*GOAL OF THE EXERCISE:* An exact reprint of every record below is required, with the pictures left out.

[Stored data]
--------------------------------------------------

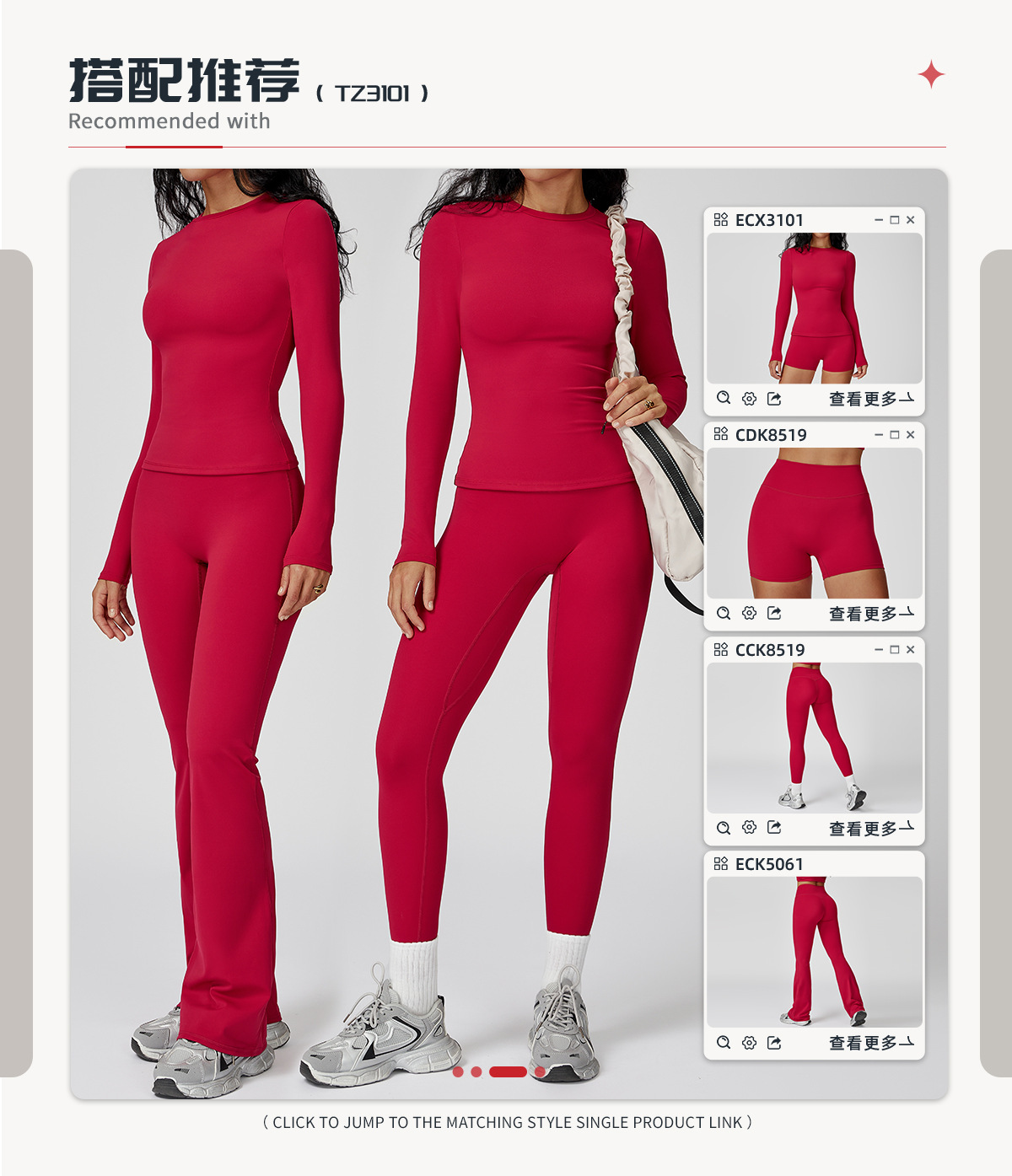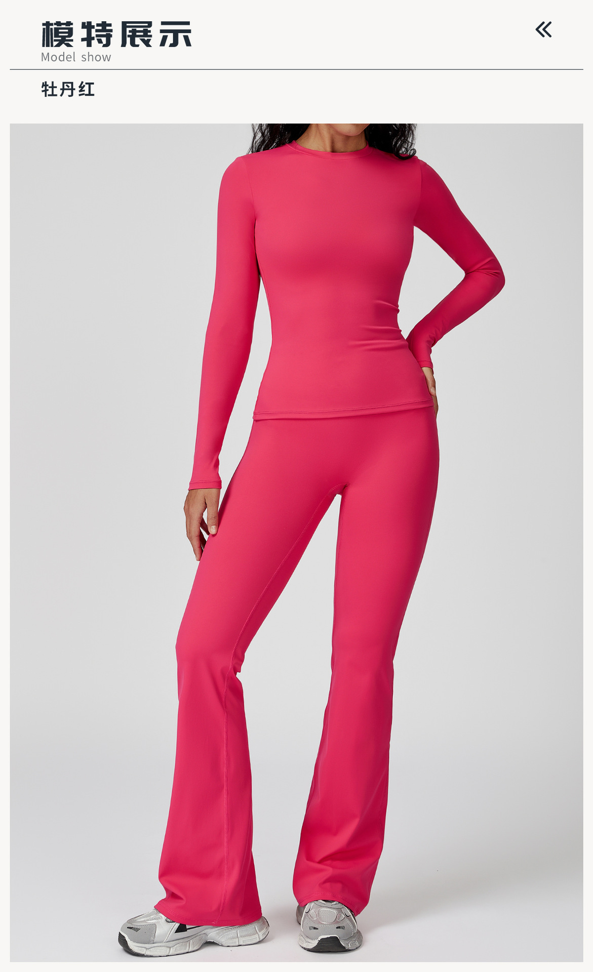 07/2025 Round neck yoga suit slim fit outdoor fitness clothes women's fitness running sports yoga clothes 3101
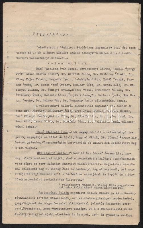 Leírás: 1936 Budapest Fürdőváros Egyesület választmányi üléséről készült jegyzőkönyv
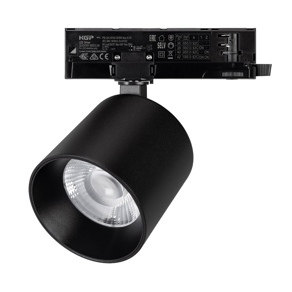 Светильник для трехфазных треков, 36 Вт. Цвет свечения ДНЕВНОЙ 4000K, световой поток 3060 лм, угол 50°, CRI>90. Корпус круглый, металл, цвет черный, IP20. Размеры Ø100x99 мм. Входное напряжение AC220-240V, мощность 36 Вт. Драйвер встроенный (24-42V, 850 mA).Пульсация <1%.
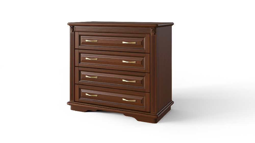 Элегантное изделие из 100 % массвиа древесины благородных пород бука или ясеня. Комод в базовой комплектации, имеет 4 выкатных ящика, оснащенных телескопическими направляющими. Четкая выверенность пропорций и простота линий в сочетании с высококачественной отделкой позволяют органично вписать это изделие практически в любой интерьер. Опционально комод может быть оснащен автоматическими доводчиками выкатных ящиков и изменен по высоте, за счет добавления или убавления ящика стандартного размеры. Верхний ящик комода, может быть разделен на два равных по размеру ящика. Сборка не требуется.
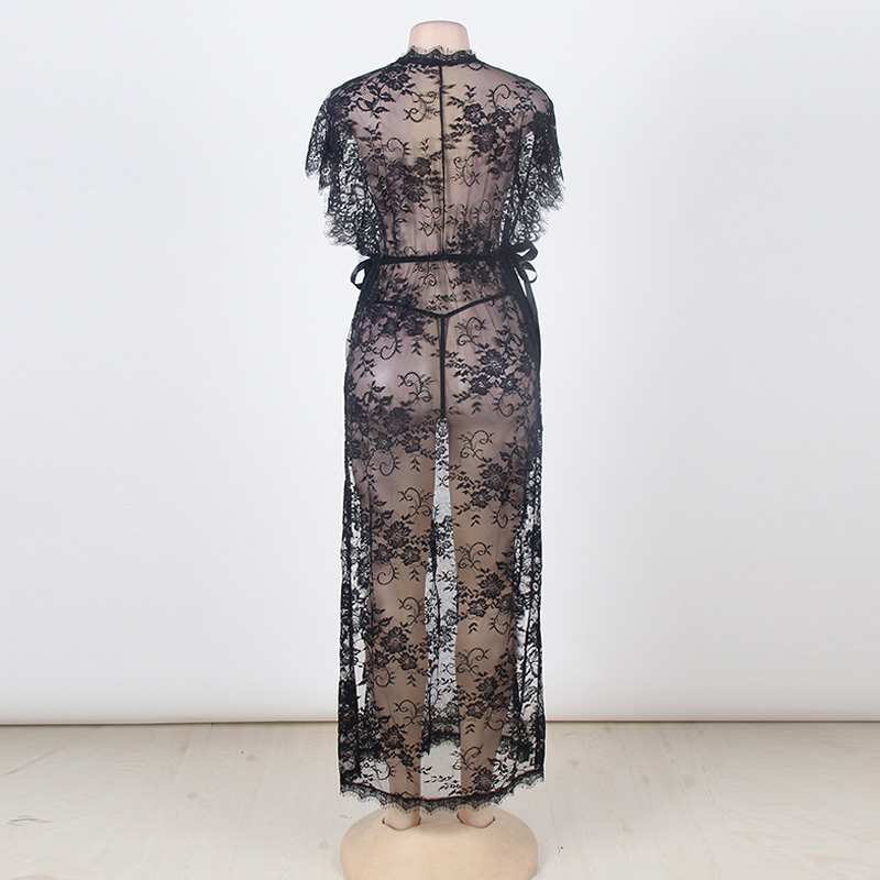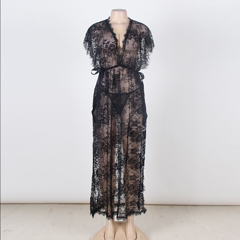 Large size Sexy Sleeping Skirt Open Flap Long Sleeves Black Lace Long Version Pyjamas Eroy Underwear Perspective Seductive Lady Long Dress

--------------------------------------------------

*OUTPUT BELOW:*
 07/2025 Round neck yoga suit slim fit outdoor fitness clothes women's fitness running sports yoga clothes 3101
 Leírás: 1936 Budapest Fürdőváros Egyesület választmányi üléséről készült jegyzőkönyv
 Светильник для трехфазных треков, 36 Вт. Цвет свечения ДНЕВНОЙ 4000K, световой поток 3060 лм, угол 50°, CRI>90. Корпус круглый, металл, цвет черный, IP20. Размеры Ø100x99 мм. Входное напряжение AC220-240V, мощность 36 Вт. Драйвер встроенный (24-42V, 850 mA).Пульсация <1%.
 Элегантное изделие из 100 % массвиа древесины благородных пород бука или ясеня. Комод в базовой комплектации, имеет 4 выкатных ящика, оснащенных телескопическими направляющими. Четкая выверенность пропорций и простота линий в сочетании с высококачественной отделкой позволяют органично вписать это изделие практически в любой интерьер. Опционально комод может быть оснащен автоматическими доводчиками выкатных ящиков и изменен по высоте, за счет добавления или убавления ящика стандартного размеры. Верхний ящик комода, может быть разделен на два равных по размеру ящика. Сборка не требуется.
 Large size Sexy Sleeping Skirt Open Flap Long Sleeves Black Lace Long Version Pyjamas Eroy Underwear Perspective Seductive Lady Long Dress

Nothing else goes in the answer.